The primary purpose of certificate programs is to provide “structured, systematic
postgraduate educational and training experiences for pharmacists that are generally smaller in magnitude
and shorter in time than degree programs, and that impart knowledge, skills, attitudes, and performance
behaviors designed to meet specific pharmacy objectives.”8 After completing a diabetes certificate program, pharmacists should be motivated to provide more
diabetes disease management programs and services to their patients. However, a review of the literature
shows that only a few studies have documented the outcomes of diabetes certificate programs or have
described the added diabetes care services these pharmacists provide.9
One of the few studies involving pharmacists in a certificate program evaluated the effects that the
program had on improving the knowledge and confidence levels of the participants. A pretest and posttest
were administered to pharmacist participants in a diabetes certificate program to determine the changes in
the pharmacists’ confidence levels in providing diabetes patient care. Participants showed
statistically significant improvements in cognitive test scores, with a mean pretest score of 49.6% and a mean
posttest score of 68.6%. The attitudinal measures, which required the participant to rank their confidence
level in providing certain services, also significantly improved from pretest to posttest scores.9 The authors advocated but did not study the effects of such a program on patient care services.

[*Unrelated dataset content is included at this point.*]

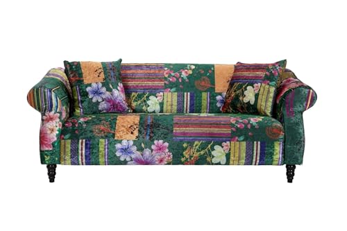 Lovesofas Green Multicoloured Patchwork Sofa – Fabric 3 Seater Couch with Striped & Floral Panels, Solid Wood Frame, Living Room & Conservatory Sofa

The benefits of diabetes education for nursing and dietetic health professionals also have been
determined.10,11 In 1992, Mcleod and Benoit published an overview of the Canadian Diabetes Educator Certification
program. When certified educators were asked to list any changes that they had noticed since becoming
certified, 40% noted an increase in physician referrals, and 38% indicated that clients recognized their
contribution and were pleased.10 In another study, members of the Metropolitan New York Chapter of the American Association of
Diabetes Educators were asked to indicate which roles they frequently or always performed in diabetes care.
Nurses commonly taught foot care, general diabetes information, and diabetes emergency information. They
also taught patients with diabetes how to adjust insulin dosages and they followed up on abnormal lab test
results.11 Although both of these studies were helpful in determining some of the outcomes of certificate and
educational programs, they were conducted in the nursing and dietetic professions.
Although little has been published regarding specific diabetes certificate programs for pharmacists,
studies have been completed on the provision of diabetes care by CDEs. Lyman et al compared pharmacists
who were CDEs to pharmacists who were non-certified members of the American Association of Diabetes
Educators (AADE).12 The authors developed a 71-item survey to determine the provision of diabetes services, as well as
the extent of billing and reimbursement for these services. Pharmacists who were CDEs completed more
frequent documentation, provided more “specialty” services, conducted longer
patient visits, had a larger number of patient visits, and spent a larger portion of their time on diabetes
education compared with pharmacists without a CDE. However, there was no difference found in the rates
at which they charged for these services or in the development of patient skills in using a blood glucose
monitor.12
In a recent study, pharmacist CDEs were surveyed to determine their demographic background,
training, and professional affiliations, as well as the types of diabetes education services that they provide.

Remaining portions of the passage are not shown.